Although Ray’s counterclaims survived a Rule 8 dismissal, they were dismissed without prejudice because of the violation of Rule 10.  Judge Bledsoe "admonish[ed] Ms. Ray to follow the requirement under Rule 8 to advance ‘simple, concise, and direct’ allegations in the preparation and filing of her amended Counterclaims."  Op. ¶21.

Despite the dismissal being without prejudice, Judge Bledsoe threw cold water on a number of Ray’s counterclaims and dismissed them with prejudice.  Most of those counterclaims stemmed from the termination of her employment with Kingsdown.

Wrongful discharge: Wrongful discharge claims need to be pled with specificity.  Op. ¶25  Ray’s "scattershot allegations" (Op. ¶26) fell short of what was necessary for the Court to determine whether Kingsdown had taken any improper action which was the "but for" cause of her termination.  Op. ¶26.  That claim was dismissed without prejudice.

Blacklisting:  To make out a claim under the blacklisting statute (G.S. §14-355) a party must plead "(1) that she attempted to obtain employment with another entity; (2) that [her former employer] took affirmative steps by ‘words or writing of any kind’ to prevent her from obtaining employment with that entity; and (3) that whatever statements or writing that were made to the entity were false." Op. ¶30.  The Court dismissed this counterclaim with prejudice because Ray had failed to plead any of the essential elements of her claim.

Intentional Infliction of Emotional Distress: Judge Bledsoe observed that:

our appellate courts have consistently held that ‘the mere firing of an employee can never be "extreme and outrageous’ conduct sufficient to state a claim for intentional infliction of emotional distress."

Op. ¶34 (quoting Sims-Campbell v. Welch, 2015 N.C. App. LEXIS 166, *11–12 (N.C. Ct. App. Mar. 3, 2015)).

This claim was also dismissed with prejudice because Ray’s allegations (that she was slighted or ignored by Kingsdown’s management from time to time, and her frustration and irritation with having to suffer various personal inconveniences resulting from the performance of her job) did not rise to the level of mistreatment that could give rise to a claim for intentional infliction of emotional distress.

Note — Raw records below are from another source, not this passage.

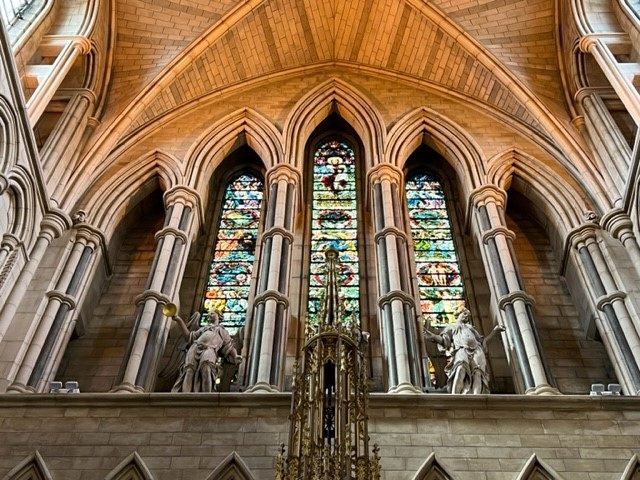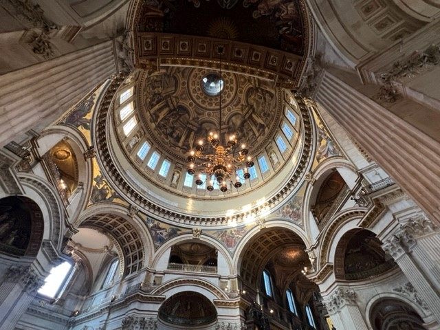 この場所に最初のキリスト教の礼拝堂が建てられてから1400年以上が経ちますが、現在の建物は天才建築家クリストファー・レンが31年の歳月をかけて1697年に完成したものです。ウィンストン・チャーチル元首相の国葬、ダイアナ妃とチャールズ皇太子の結婚式、マーガレット・サッチャー元首相の葬儀などの重要イベントがこの大聖堂で行われています。こちらの大聖堂、外から見るのも美しいですが、せっかくだから内部を見てみたいですよね。おすすめは夕方の礼拝に参加すること。荘厳な大聖堂に響き渡る聖歌隊の歌声が味わえて、更に無料で大聖堂内部に入れます。筆者が参加した晩祷は夕方5時から40分間でした。大聖堂のドームにはたくさんの天窓があり、そこから注ぎ込む優しい日差しがただただ美しいです。英国国教会ですがバロック式で、内部もカトリックのような豪華な装飾なことに気づきます。聖歌隊もホグワーツの制服のようなマントを着ていて英国らしくて素敵でした。ただし、あくまでも宗教儀式のため礼拝中の撮影は禁止なので悪しからず。礼拝の時間はホームページでご確認ください。完全に任意ですが、退出時に現金またはクレジットカードで5ポンドの献金をすることができます。
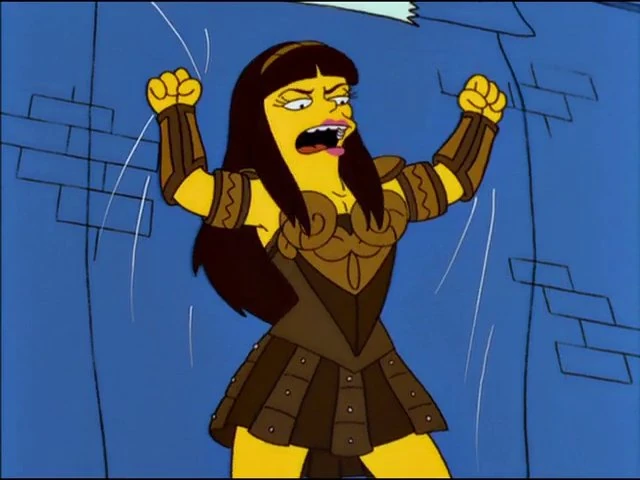 - Springfield Elementary School gym teacher Brunella Pommelhorst mentions swearing oaths by Xena.
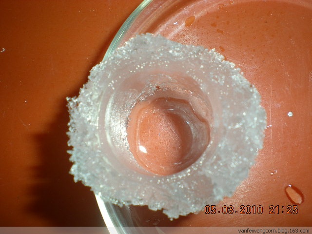 下圖就是cold finger形式的熔融結晶器,及發(fā)汗完的晶體圖片。
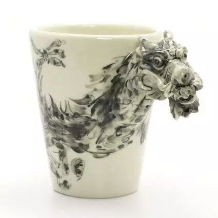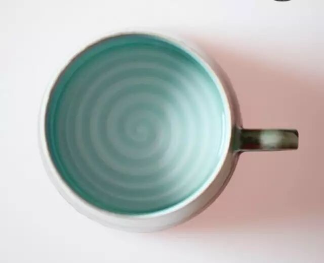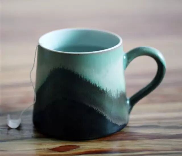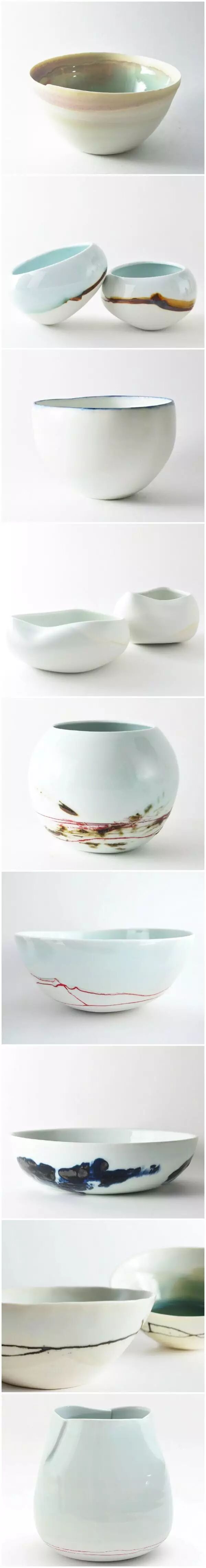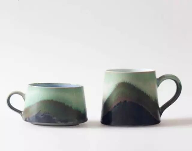 随机型的釉彩在瓷壁上晕染,像是水墨的山水

Constructive Fraud/Fiduciary Duty: Ray’s claim for constructive fraud depended on Kingsdown owing her a fiduciary duty, because the existence of a fiduciary relationship is an element of a constructive fraud claim.  Ray’s counsel argued that since Ray was an officer of Kingsdown, and thus owed the corporation a fiduciary duty, that the corporation therefore owed her a reciprocal fiduciary duty.  Judge Bledsoe rejected this argument in a footnote, stating that this was "simply not the law."  Op. ¶42 & n.9.

Unfair and Deceptive Practices: The Chapter 75 claim was dismissed with prejudice as it rested on facts which arose out of Ray’s employment and therefore involved "internal business disputes rather than interactions with businesses or consumers."  Op. ¶45.  It was therefore not "in or affecting commerce" which is the type of conduct targeted by G.S. §75-1.1(a).

If you are wondering if there could be any claims left in this hodge podge of counterclaims, the answer is unfortunately yes.  But you are probably as tired of reading about this Opinion as I am writing about it.  A part of a defamation counterclaim was dismissed without prejudice but a part of it with prejudice.  A negligence counterclaim was dismissed with prejudice.  A civil conspiracy counterclaim was dismissed with prejudice.